The Trump administration has sent out mixed messages on the Paris deal in recent days.
European officials suggested after a climate meeting in Montreal on Saturday that Washington might be ready to re-engage with the pact.
That prompted a firm pushback from the White House which insisted its stance was unchanged -- only for Secretary of State Rex Tillerson to assert a day later that the US was studying ways to cooperate with other countries on what, he said, "is still a challenging issue."
- Extreme weather -
Trump, whose Republican Party has strong ties to the fossil fuel industry, has said that the Paris agreement is unfair to the world's largest economy.

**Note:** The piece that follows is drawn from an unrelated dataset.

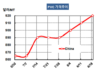 PVC 가격은 8월16일 CFR China 톤당 920달러로 10달러 상승했고 CFR SE Asia는 890달러로 20달러 올랐다. CFR S Asia 역시 980달러로 20달러 상승했다.

In pulling out, the United States would be the only country outside the Paris accord other than war-torn Syria and Nicaragua, which had pressed for a stricter deal.
The agreement, championed by Trump's predecessor Barack Obama, calls for countries to set their own plans with a goal of keeping global warming over this century under two degrees Celsius (3.6 Fahrenheit) from pre-industrial levels.

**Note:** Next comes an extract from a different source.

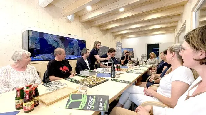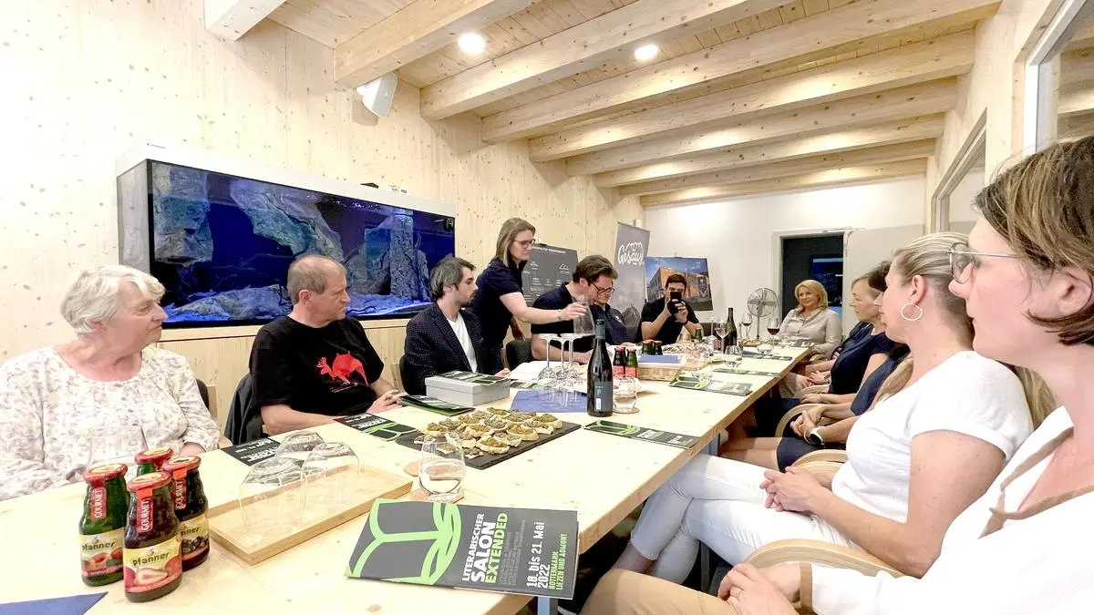 Im Seminarraum der Garnelen-Produktion und -Zucht "White Panther" tummelten sich im großen Aquarium lustig Garnelen, ließen sich auf und ab schweben, während Autor Leander Fischer aus seinem voluminösen Monumentalwerk "Die Forelle" las und die Zuhörer nicht nur durch den Text, sondern auch durch seine atem- und ansatzlose Vorlesekunst in merkbar leises Staunen versetzte.

UN Secretary General Antonio Guterres warned Monday that there was no time to spare, estimating that more than 20 million people have already been displaced by floods, storms or other extreme weather linked to climate change since 2008.

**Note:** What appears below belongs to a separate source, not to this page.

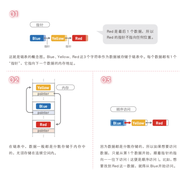 数据呈线性排列。在链表中,数据的添加和删除都较为方便,就是访问比较耗费时间。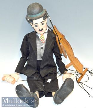 Charlie Chaplin Wood and Plaster Marionette in traditional black suit, waistcoat and tie with wooden limbs and plaster head, hands and feet, measures 65cm approx. in length, right hand appears loose, otherwise in good condition overall

"In Paris, we rose to a global challenge. Now we have an even bigger challenge: raising ambition and staying on course," Guterres said.
But in the wake of Trump's move, the UN chief focused on action by non-state players such as businesses and regional governments.
Governor Jerry Brown of California, the most populous US state, has called a meeting of non-governmental players on climate change for next year.
"America is not run by Donald Trump," Brown told a forum called by Guterres.
"We are a country of diverse power centers, and mobilizing those power centers that are not controlled by the president is still a very worthwhile goal and very powerful," he said.
- Action at local level -
Former vice president turned environmental champion Al Gore warned of the rapid worsening of climate change, pointing out that Hurricane Harvey which battered Texas last month was the type of rain that was only likely to happen every 25,000 years.
"We are departing the familiar bounds of history as we have known it since our civilization began," Gore told a conference of the World Economic Forum on the UN sidelines.
Both Gore and former New York mayor Michael Bloomberg, who is serving as a UN special envoy on cities and climate change, said that the United States could still meet its Obama-era commitments through private sector action.
"We are winning this, but we must win it more quickly," Gore said.
Cohn, a former Goldman Sachs investment banker, at his meeting with officials of major economies discussed the role of US energy technology in both economic growth and lowering carbon emissions, a White House official said.
The official said that Cohn made clear during the breakfast that Trump is "withdrawing from the Paris agreement unless we can re-engage on terms more favorable to the United States."